BEGIN SOURCE MATERIAL
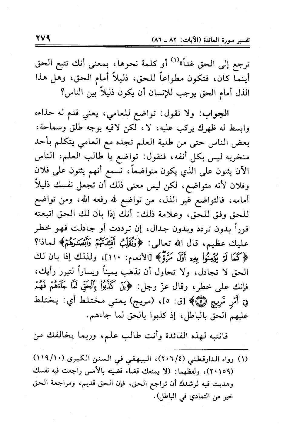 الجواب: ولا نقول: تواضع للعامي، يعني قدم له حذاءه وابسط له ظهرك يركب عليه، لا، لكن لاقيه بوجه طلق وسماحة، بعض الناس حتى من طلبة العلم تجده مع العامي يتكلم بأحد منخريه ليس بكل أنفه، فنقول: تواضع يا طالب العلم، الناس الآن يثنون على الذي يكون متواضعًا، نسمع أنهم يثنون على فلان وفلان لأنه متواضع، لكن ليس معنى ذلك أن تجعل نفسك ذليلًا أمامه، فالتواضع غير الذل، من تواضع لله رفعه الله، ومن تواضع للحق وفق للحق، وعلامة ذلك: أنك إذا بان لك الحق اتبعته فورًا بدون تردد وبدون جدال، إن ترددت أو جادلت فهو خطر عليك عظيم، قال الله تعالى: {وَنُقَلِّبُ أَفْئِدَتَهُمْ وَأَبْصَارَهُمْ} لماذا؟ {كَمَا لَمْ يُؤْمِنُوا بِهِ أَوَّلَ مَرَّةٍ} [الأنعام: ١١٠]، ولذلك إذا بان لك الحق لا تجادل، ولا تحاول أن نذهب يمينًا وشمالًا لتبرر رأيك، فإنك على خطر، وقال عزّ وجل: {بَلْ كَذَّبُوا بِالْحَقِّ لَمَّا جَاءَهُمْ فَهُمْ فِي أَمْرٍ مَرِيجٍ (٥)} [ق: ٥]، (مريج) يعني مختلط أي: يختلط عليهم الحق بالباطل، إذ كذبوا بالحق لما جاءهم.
END SOURCE MATERIAL
BEGIN SOURCE MATERIAL
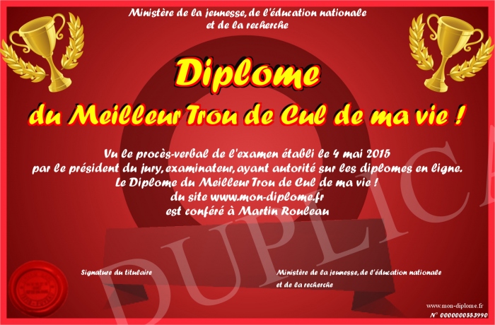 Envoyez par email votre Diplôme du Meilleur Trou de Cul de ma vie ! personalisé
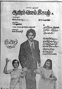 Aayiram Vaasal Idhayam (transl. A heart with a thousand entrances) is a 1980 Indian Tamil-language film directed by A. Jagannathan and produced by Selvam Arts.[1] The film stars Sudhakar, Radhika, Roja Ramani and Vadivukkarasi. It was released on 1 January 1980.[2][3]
END SOURCE MATERIAL
BEGIN SOURCE MATERIAL
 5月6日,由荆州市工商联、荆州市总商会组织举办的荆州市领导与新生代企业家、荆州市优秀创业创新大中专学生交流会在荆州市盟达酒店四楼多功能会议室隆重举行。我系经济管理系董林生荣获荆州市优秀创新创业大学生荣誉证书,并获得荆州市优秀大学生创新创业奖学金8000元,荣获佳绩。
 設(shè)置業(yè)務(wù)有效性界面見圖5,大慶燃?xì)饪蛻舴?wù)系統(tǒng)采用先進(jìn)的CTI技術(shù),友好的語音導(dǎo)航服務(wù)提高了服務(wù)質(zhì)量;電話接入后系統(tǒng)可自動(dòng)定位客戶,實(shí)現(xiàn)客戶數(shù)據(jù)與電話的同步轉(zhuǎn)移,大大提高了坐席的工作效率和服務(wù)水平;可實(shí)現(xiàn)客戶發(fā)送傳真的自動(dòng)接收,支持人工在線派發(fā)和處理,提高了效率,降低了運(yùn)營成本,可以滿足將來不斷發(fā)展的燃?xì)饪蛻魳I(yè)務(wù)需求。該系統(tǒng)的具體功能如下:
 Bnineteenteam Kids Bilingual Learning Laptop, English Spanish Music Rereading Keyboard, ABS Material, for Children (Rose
END SOURCE MATERIAL
# WHAT THE EXERCISE ASKS:
Find "設(shè)置業(yè)務(wù)有效性" in the entries above and copy that whole line exactly, then each line after it through the line that contains "Bnineteenteam Kids Bilingual".

# OUTPUT FOR THIS TASK:
 設(shè)置業(yè)務(wù)有效性界面見圖5,大慶燃?xì)饪蛻舴?wù)系統(tǒng)采用先進(jìn)的CTI技術(shù),友好的語音導(dǎo)航服務(wù)提高了服務(wù)質(zhì)量;電話接入后系統(tǒng)可自動(dòng)定位客戶,實(shí)現(xiàn)客戶數(shù)據(jù)與電話的同步轉(zhuǎn)移,大大提高了坐席的工作效率和服務(wù)水平;可實(shí)現(xiàn)客戶發(fā)送傳真的自動(dòng)接收,支持人工在線派發(fā)和處理,提高了效率,降低了運(yùn)營成本,可以滿足將來不斷發(fā)展的燃?xì)饪蛻魳I(yè)務(wù)需求。該系統(tǒng)的具體功能如下:
 Bnineteenteam Kids Bilingual Learning Laptop, English Spanish Music Rereading Keyboard, ABS Material, for Children (Rose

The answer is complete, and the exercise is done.